### Provided data
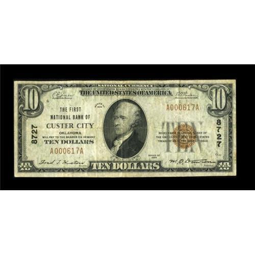 <B>Custer City, OK</B></I> - $10 1929 Ty. 1 <B>The First NB</B></I> Ch. # 8727<BR> A decent small example from this always popular Custer County location. <B>Fine+.</B></I><BR><BR><b>Shipping:</b> Coins & Currency (<a target="_blank" href="http://www.heritageauctions.com/common/shipping.php">view shipping information</a>)
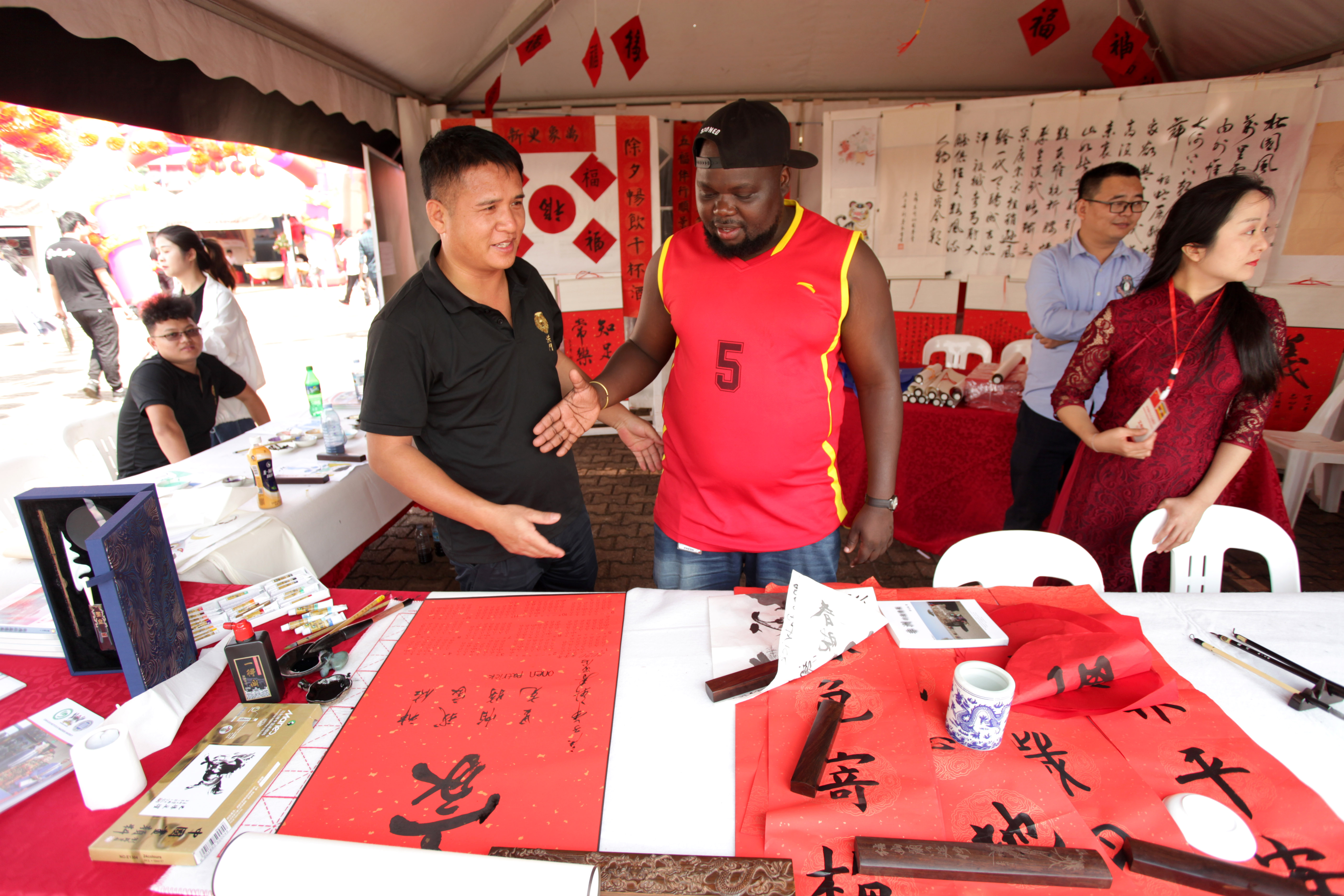 A Ugandan interacts with a Chinese calligraphy artist during a Chinese folk custom fair in Kampala, Uganda, Jan. 12, 2020. (Photo by Hajarah Nalwadda/Xinhua)
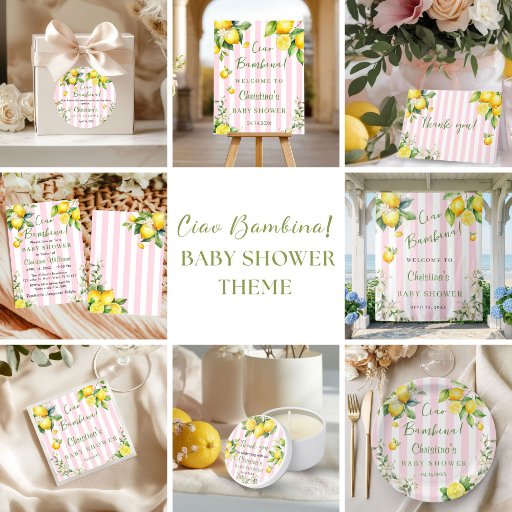 Transform your celebration with our Ciao Bambina Baby Shower Pink Lemons Backdrop! Designed with a chic pink pin stripe background and charming watercolor lemons, this Italian-inspired backdrop adds a touch of elegance and freshness to your baby shower. Perfect for photo booths, dessert tables, or as a statement wall, it beautifully complements your Ciao Bambina theme. Create a bright and joyful atmosphere that captures the essence of an Italian citrus celebration for your baby girl’s special day!
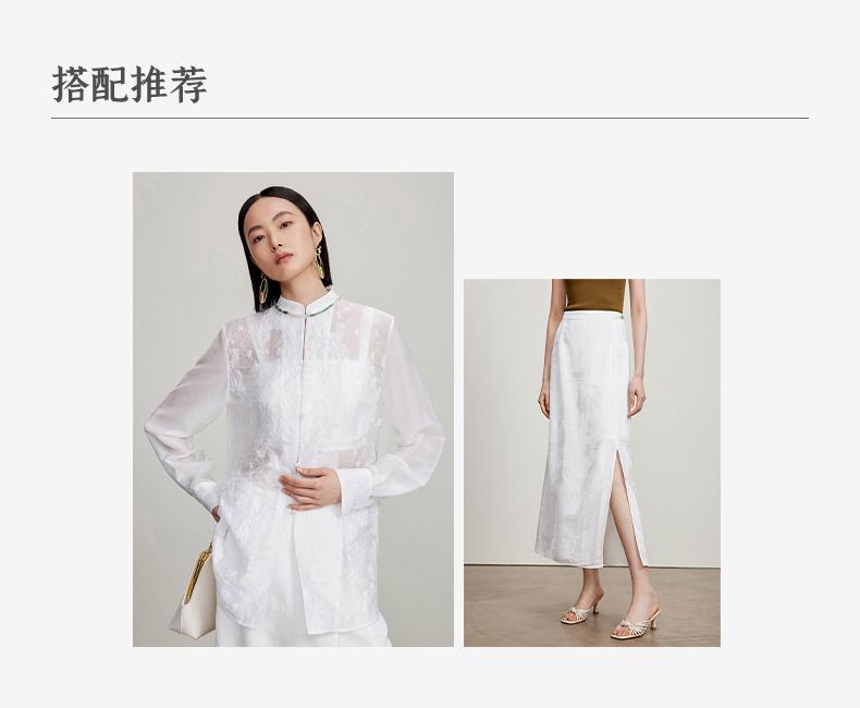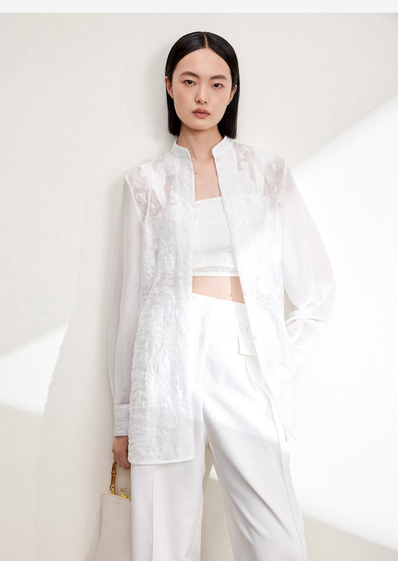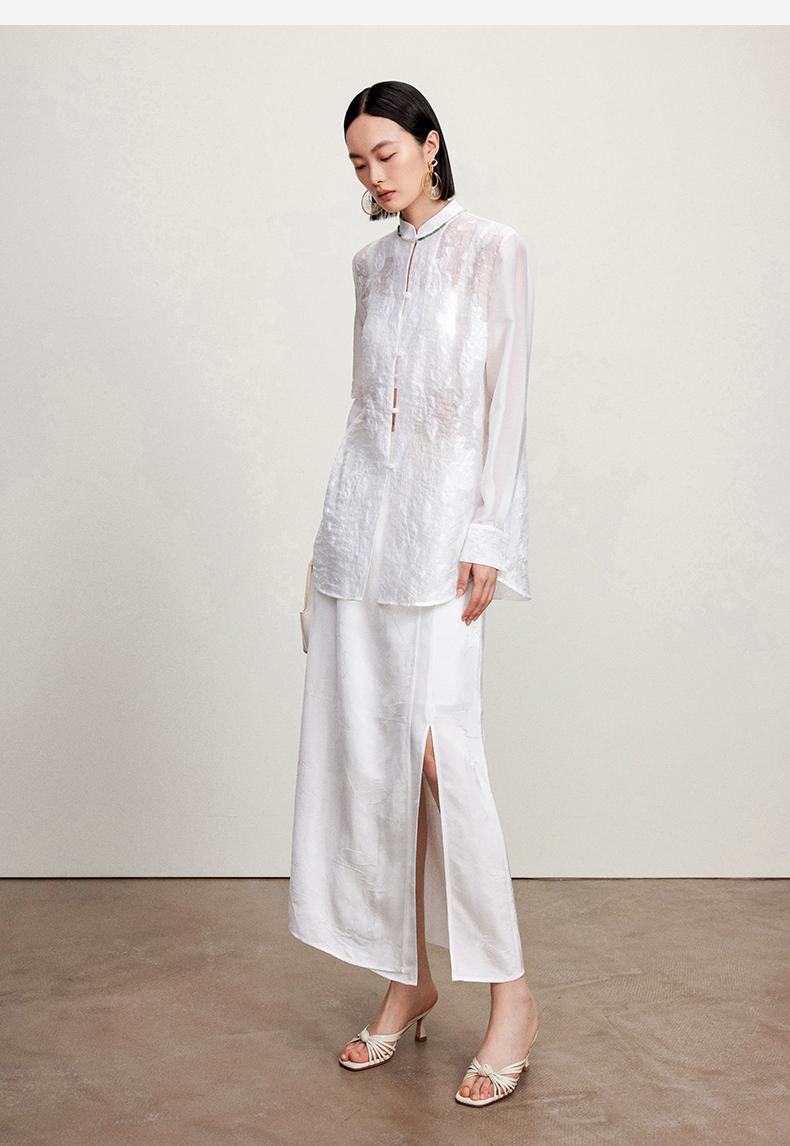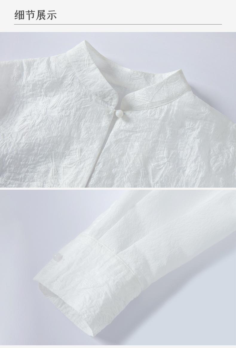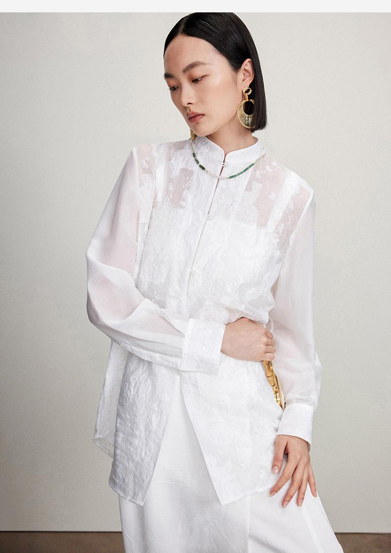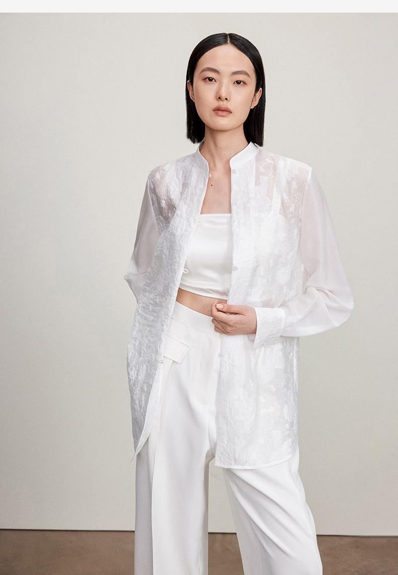 西嘉C+IMPRESS/西嘉清冷感新中式立领衬衫女薄款玫瑰提花醋酸拼接CS2402011
######
Task to carry out ▸
The listing above is to be retyped exactly, with all pictures left out.

Solution below ▸
 <B>Custer City, OK</B></I> - $10 1929 Ty. 1 <B>The First NB</B></I> Ch. # 8727<BR> A decent small example from this always popular Custer County location. <B>Fine+.</B></I><BR><BR><b>Shipping:</b> Coins & Currency (<a target="_blank" href="http://www.heritageauctions.com/common/shipping.php">view shipping information</a>)
 A Ugandan interacts with a Chinese calligraphy artist during a Chinese folk custom fair in Kampala, Uganda, Jan. 12, 2020. (Photo by Hajarah Nalwadda/Xinhua)
 Transform your celebration with our Ciao Bambina Baby Shower Pink Lemons Backdrop! Designed with a chic pink pin stripe background and charming watercolor lemons, this Italian-inspired backdrop adds a touch of elegance and freshness to your baby shower. Perfect for photo booths, dessert tables, or as a statement wall, it beautifully complements your Ciao Bambina theme. Create a bright and joyful atmosphere that captures the essence of an Italian citrus celebration for your baby girl’s special day!
 西嘉C+IMPRESS/西嘉清冷感新中式立领衬衫女薄款玫瑰提花醋酸拼接CS2402011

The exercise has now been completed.